너무 늦어서 죄송합니다. 제 답변이 도움이 되었으면합니다.

normal distribution사용하여 가중치를 초기화하려면 :

torch.nn.init.normal_(tensor, mean=0, std=1)

또는 constant distribution쓰기 를 사용하려면 :

torch.nn.init.constant_(tensor, value)

또는 사용하려면 uniform distribution:

torch.nn.init.uniform_(tensor, a=0, b=1) # a: lower_bound, b: upper_bound

여기에서 텐서를 초기화하는 다른 방법을 확인할 수 있습니다.

Question 7

추가적인 유연성을 원하면 가중치를 수동으로 설정할 수도 있습니다 .

모든 정보를 입력했다고 가정합니다.

import torch
import torch.nn as nn

input = torch.ones((8, 8))
print(input)

tensor([[1., 1., 1., 1., 1., 1., 1., 1.],
        [1., 1., 1., 1., 1., 1., 1., 1.],
        [1., 1., 1., 1., 1., 1., 1., 1.],
        [1., 1., 1., 1., 1., 1., 1., 1.],
        [1., 1., 1., 1., 1., 1., 1., 1.],
        [1., 1., 1., 1., 1., 1., 1., 1.],
        [1., 1., 1., 1., 1., 1., 1., 1.],
        [1., 1., 1., 1., 1., 1., 1., 1.]])

그리고 편견이없는 조밀 한 레이어를 만들고 싶습니다 (시각화 할 수 있도록).

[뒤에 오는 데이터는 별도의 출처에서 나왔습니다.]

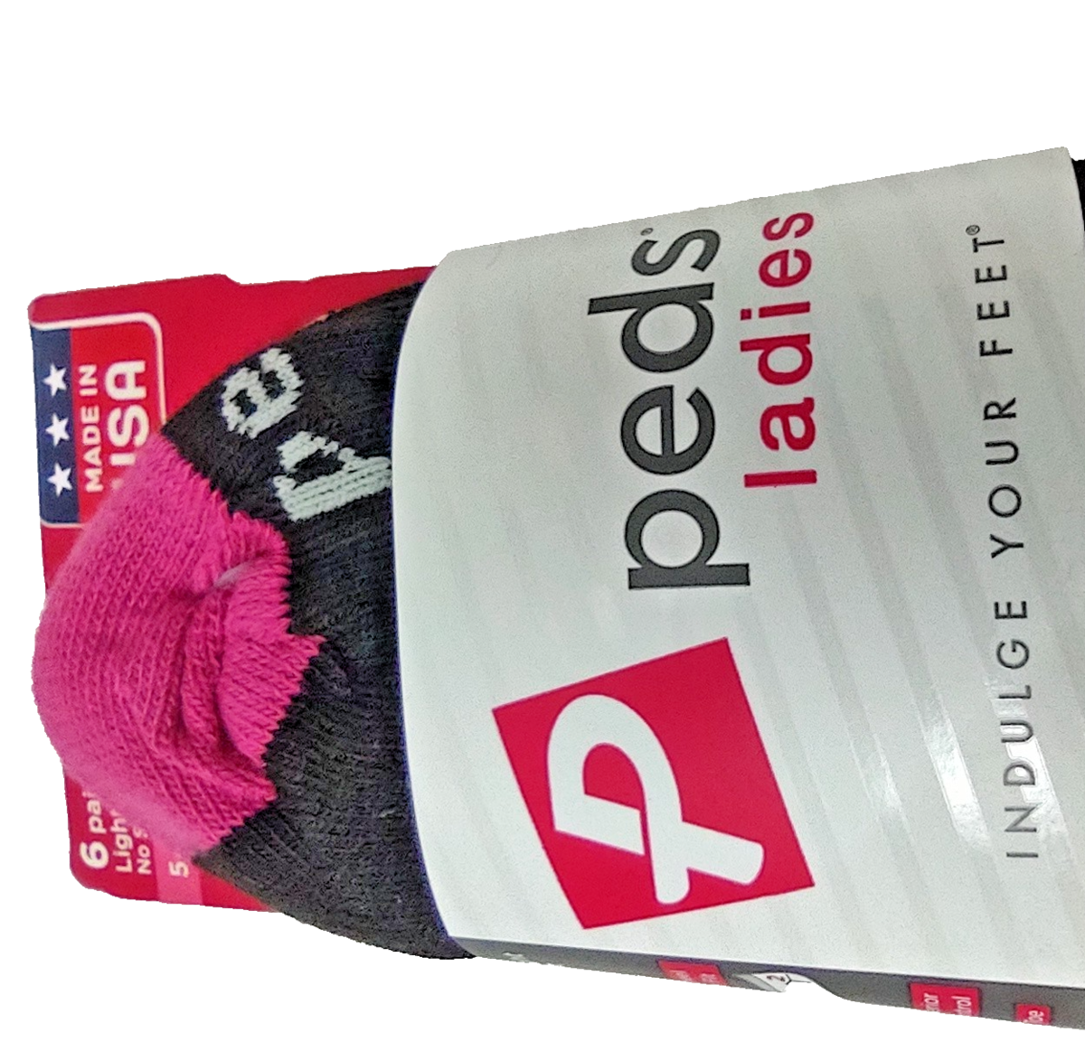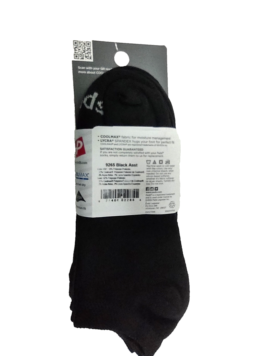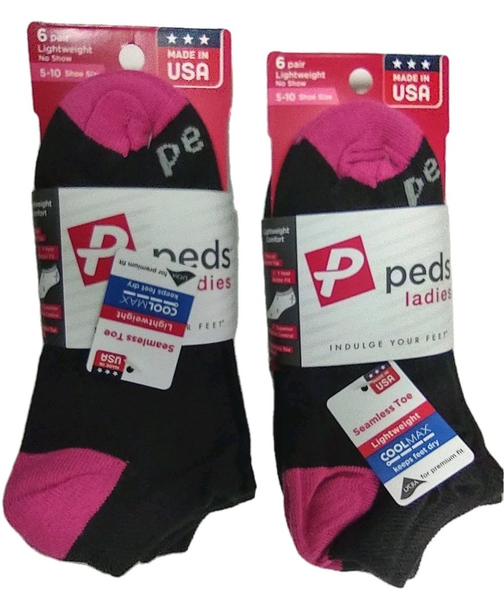 Peds Ladies Women's NO SHOW Socks Lightweight COOL MAX LYCRA SEAMLESS TOE Size 5-10 Black-Asst

d = nn.Linear(8, 8, bias=False)

모든 가중치를 0.5 (또는 기타)로 설정합니다.

d.weight.data = torch.full((8, 8), 0.5)
print(d.weight.data)

가중치 :

Out[14]: 
tensor([[0.5000, 0.5000, 0.5000, 0.5000, 0.5000, 0.5000, 0.5000, 0.5000],
        [0.5000, 0.5000, 0.5000, 0.5000, 0.5000, 0.5000, 0.5000, 0.5000],
        [0.5000, 0.5000, 0.5000, 0.5000, 0.5000, 0.5000, 0.5000, 0.5000],
        [0.5000, 0.5000, 0.5000, 0.5000, 0.5000, 0.5000, 0.5000, 0.5000],
        [0.5000, 0.5000, 0.5000, 0.5000, 0.5000, 0.5000, 0.5000, 0.5000],
        [0.5000, 0.5000, 0.5000, 0.5000, 0.5000, 0.5000, 0.5000, 0.5000],
        [0.5000, 0.5000, 0.5000, 0.5000, 0.5000, 0.5000, 0.5000, 0.5000],
        [0.5000, 0.5000, 0.5000, 0.5000, 0.5000, 0.5000, 0.5000, 0.5000]])

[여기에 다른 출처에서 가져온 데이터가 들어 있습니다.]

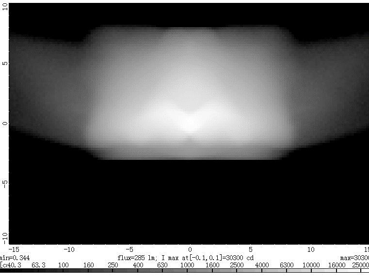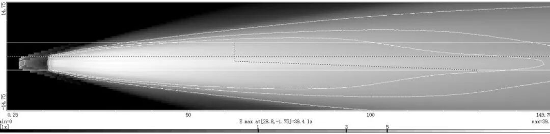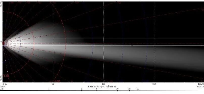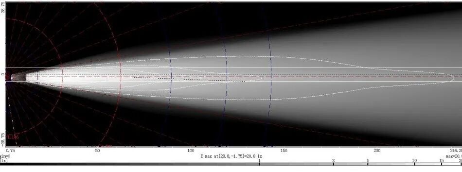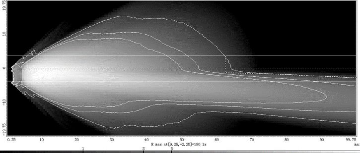 從路面的效果圖中不難看出,一個(gè)標(biāo)準(zhǔn)遠(yuǎn)光燈,在本車道上1lx線可以達(dá)到250m左右,5 lx線可以達(dá)到150m左右,具有良好的照明效果。但10m以內(nèi)的照明效果不好,而且照射角度較小,左右寬度僅為10度左右,50m以內(nèi)的左右兩側(cè)的照明不足,適合高速行駛時(shí)的遠(yuǎn)程照明。由于遠(yuǎn)光燈是錐型的照射角,沒(méi)有截止線,上射的光線很強(qiáng),在霧氣中容易使光線發(fā)生較大的散射,會(huì)在車前形成很強(qiáng)的光幕,穿透力反而最差:霧越濃,燈光越強(qiáng),形成的光幕越強(qiáng),道路的可視距離則越短。

모든 가중치는 이제 0.5입니다. 다음을 통해 데이터를 전달합니다.

d(input)

Out[13]: 
tensor([[4., 4., 4., 4., 4., 4., 4., 4.],
        [4., 4., 4., 4., 4., 4., 4., 4.],
        [4., 4., 4., 4., 4., 4., 4., 4.],
        [4., 4., 4., 4., 4., 4., 4., 4.],
        [4., 4., 4., 4., 4., 4., 4., 4.],
        [4., 4., 4., 4., 4., 4., 4., 4.],
        [4., 4., 4., 4., 4., 4., 4., 4.],
        [4., 4., 4., 4., 4., 4., 4., 4.]], grad_fn=<MmBackward>)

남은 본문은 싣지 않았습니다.